Technically the frontend is still quite simple:

Astro renders the page shell
React handles the chat state in ChatWidget.tsx
SSE streams tokens directly into the current assistant message
markdown is rendered client-side
starter prompts and first-visit hints help users get going

The main architectural point here is that the UI is not pulling from a polling API or waiting for a full response blob. It is event-driven and incremental. That keeps the chat feeling responsive even though under the hood it may involve retrieval, streaming generation, tool resolution, and then a second follow-up generation pass.

A few production bugs were more interesting than the happy path

There were a handful of issues that were much more educational than writing the initial feature.

Turnstile did not like `display: none`

The invisible Turnstile iframe would not work properly when hidden with display: none. The fix was to hide it using zero dimensions and absolute positioning instead.

WebDAV deploys were serving stale HTML

The portfolio deploy goes to Fastmail WebDAV via rclone. Because WebDAV does not support checksums in the way I wanted, rclone sync --checksum quietly degraded into something close to size-based behavior, which meant HTML files with identical sizes could remain stale across deploys.

The fix was a two-phase deploy and --ignore-times for the non-asset files.

Retrieval needed real instrumentation

Without the debug endpoint, retrieval issues were annoyingly fuzzy. You can feel that an answer is wrong, but until you see the ranked chunks and their scores, it is hard to know whether the problem is chunking, embeddings, prompt design, or source wording.

Source wording matters a lot

At one point the system kept overemphasizing LangGraph because the knowledge base literally described it as one of the strongest skills. That was not the model being weird; that was the corpus doing exactly what I told it to do. RAG systems are surprisingly sensitive to small wording choices in curated source content.

Why I like this architecture

The whole thing is deliberately small.

no vector DB
no separate backend service
no orchestration framework
no giant indexing pipeline

Just content extraction, embeddings, an in-memory corpus, a Worker, and a chat UI.

That simplicity is part of why I like it.

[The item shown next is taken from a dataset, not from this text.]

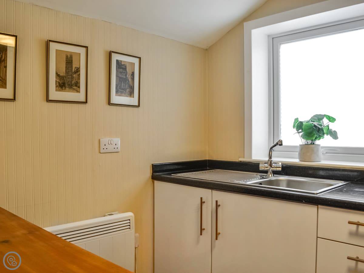 For facilities, you've got the wood burner, a dishwasher, WiFi, TV, washing machine, and bedding and towels are included. There's parking for one car at the rear of the building.

At this scale, it is easy to inspect, easy to redeploy, and easy to reason about when something breaks.

I think personal sites are a particularly good use case for this shape. A portfolio is already a structured corpus. It has a bounded domain, relatively stable content, and clear user questions. That makes it a much better target for RAG than the average “AI assistant for everything” product.

If you try it and notice weird retrieval, odd emphasis, or better ways the homepage should guide first-time visitors, let me know. This is one of those features where the first version is mostly an excuse to build a better second version.